TRY IT
Copy every entry exactly as it reads and exclude whatever pictures appear.

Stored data
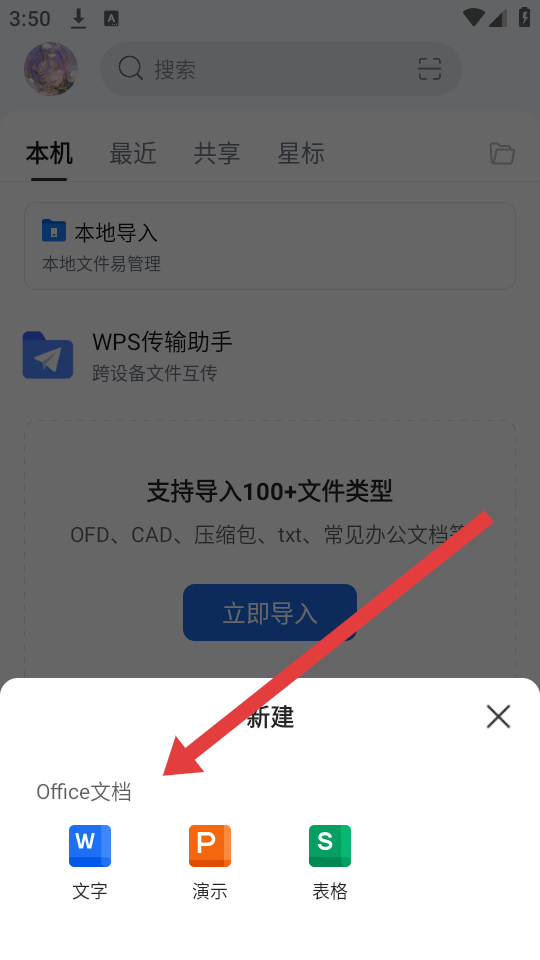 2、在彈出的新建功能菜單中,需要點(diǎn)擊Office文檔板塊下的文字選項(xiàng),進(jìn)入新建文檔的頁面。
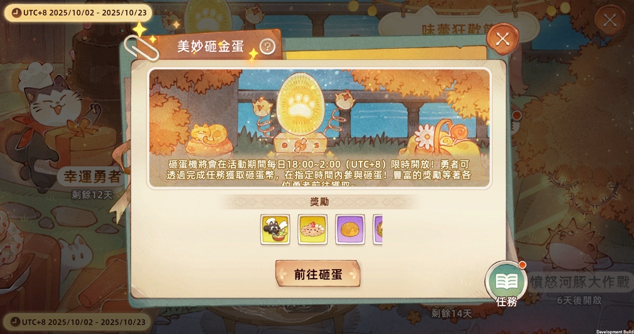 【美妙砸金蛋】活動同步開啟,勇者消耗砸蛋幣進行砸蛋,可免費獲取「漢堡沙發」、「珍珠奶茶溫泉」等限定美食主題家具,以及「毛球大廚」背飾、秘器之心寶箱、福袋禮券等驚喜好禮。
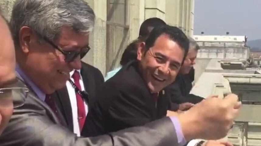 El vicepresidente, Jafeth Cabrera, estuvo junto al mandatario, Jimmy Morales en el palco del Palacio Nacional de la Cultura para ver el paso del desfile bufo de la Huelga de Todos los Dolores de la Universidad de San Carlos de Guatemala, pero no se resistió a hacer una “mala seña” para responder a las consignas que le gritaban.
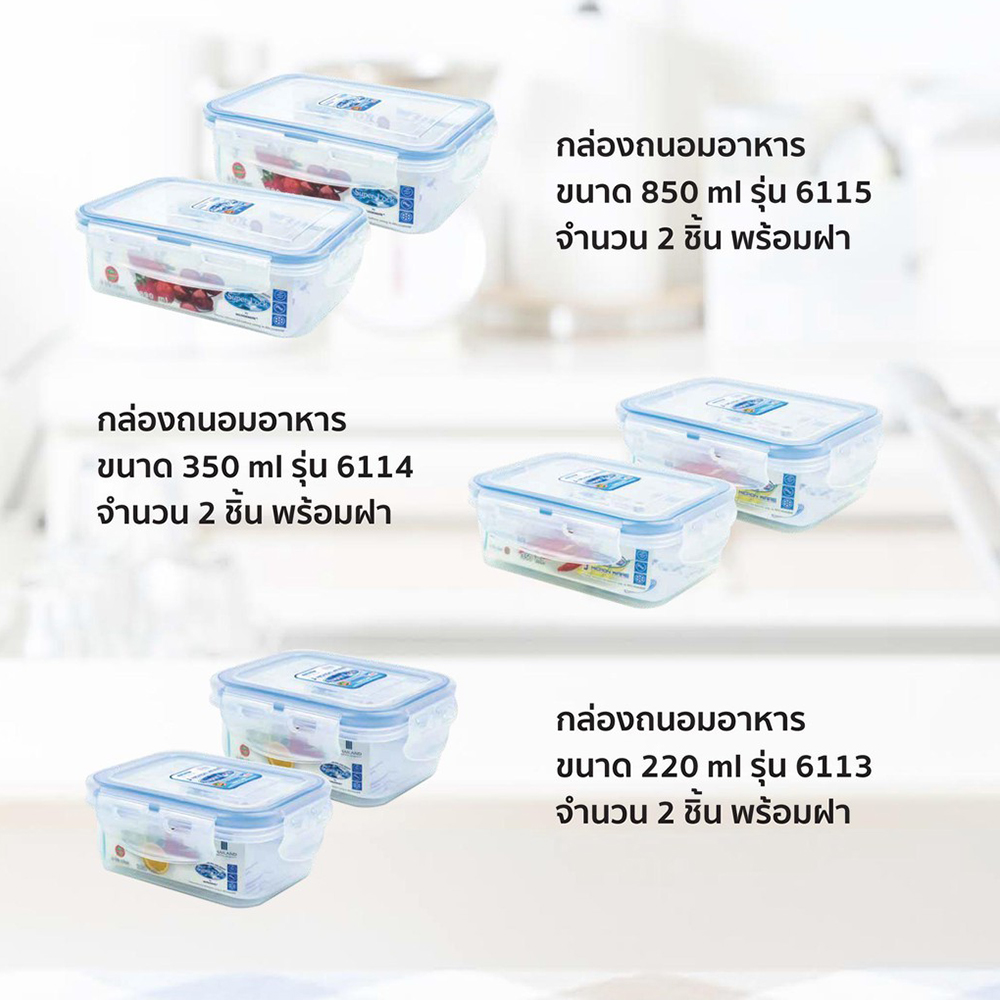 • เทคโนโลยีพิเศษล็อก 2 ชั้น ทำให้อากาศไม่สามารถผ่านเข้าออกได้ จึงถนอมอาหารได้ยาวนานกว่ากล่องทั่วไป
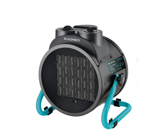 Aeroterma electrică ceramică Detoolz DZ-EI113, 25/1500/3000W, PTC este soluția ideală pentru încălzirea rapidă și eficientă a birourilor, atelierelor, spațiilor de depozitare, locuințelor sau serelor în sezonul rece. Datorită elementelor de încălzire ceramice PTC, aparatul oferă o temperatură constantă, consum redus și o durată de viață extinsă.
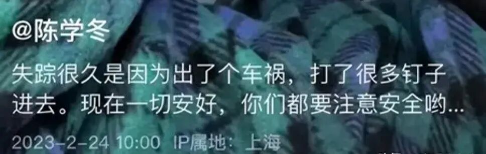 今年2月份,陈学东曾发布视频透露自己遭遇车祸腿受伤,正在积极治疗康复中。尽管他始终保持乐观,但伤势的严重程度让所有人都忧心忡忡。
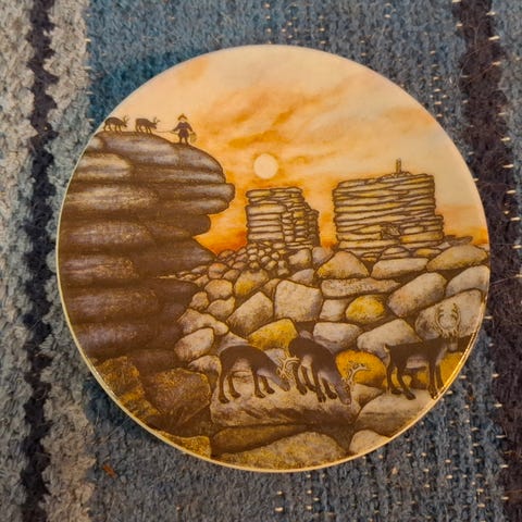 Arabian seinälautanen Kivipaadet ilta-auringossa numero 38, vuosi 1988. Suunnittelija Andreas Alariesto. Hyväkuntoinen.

RESPONSE AREA
 2、在彈出的新建功能菜單中,需要點(diǎn)擊Office文檔板塊下的文字選項(xiàng),進(jìn)入新建文檔的頁面。
 【美妙砸金蛋】活動同步開啟,勇者消耗砸蛋幣進行砸蛋,可免費獲取「漢堡沙發」、「珍珠奶茶溫泉」等限定美食主題家具,以及「毛球大廚」背飾、秘器之心寶箱、福袋禮券等驚喜好禮。
 El vicepresidente, Jafeth Cabrera, estuvo junto al mandatario, Jimmy Morales en el palco del Palacio Nacional de la Cultura para ver el paso del desfile bufo de la Huelga de Todos los Dolores de la Universidad de San Carlos de Guatemala, pero no se resistió a hacer una “mala seña” para responder a las consignas que le gritaban.
 • เทคโนโลยีพิเศษล็อก 2 ชั้น ทำให้อากาศไม่สามารถผ่านเข้าออกได้ จึงถนอมอาหารได้ยาวนานกว่ากล่องทั่วไป
 Aeroterma electrică ceramică Detoolz DZ-EI113, 25/1500/3000W, PTC este soluția ideală pentru încălzirea rapidă și eficientă a birourilor, atelierelor, spațiilor de depozitare, locuințelor sau serelor în sezonul rece. Datorită elementelor de încălzire ceramice PTC, aparatul oferă o temperatură constantă, consum redus și o durată de viață extinsă.
 今年2月份,陈学东曾发布视频透露自己遭遇车祸腿受伤,正在积极治疗康复中。尽管他始终保持乐观,但伤势的严重程度让所有人都忧心忡忡。
 Arabian seinälautanen Kivipaadet ilta-auringossa numero 38, vuosi 1988. Suunnittelija Andreas Alariesto. Hyväkuntoinen.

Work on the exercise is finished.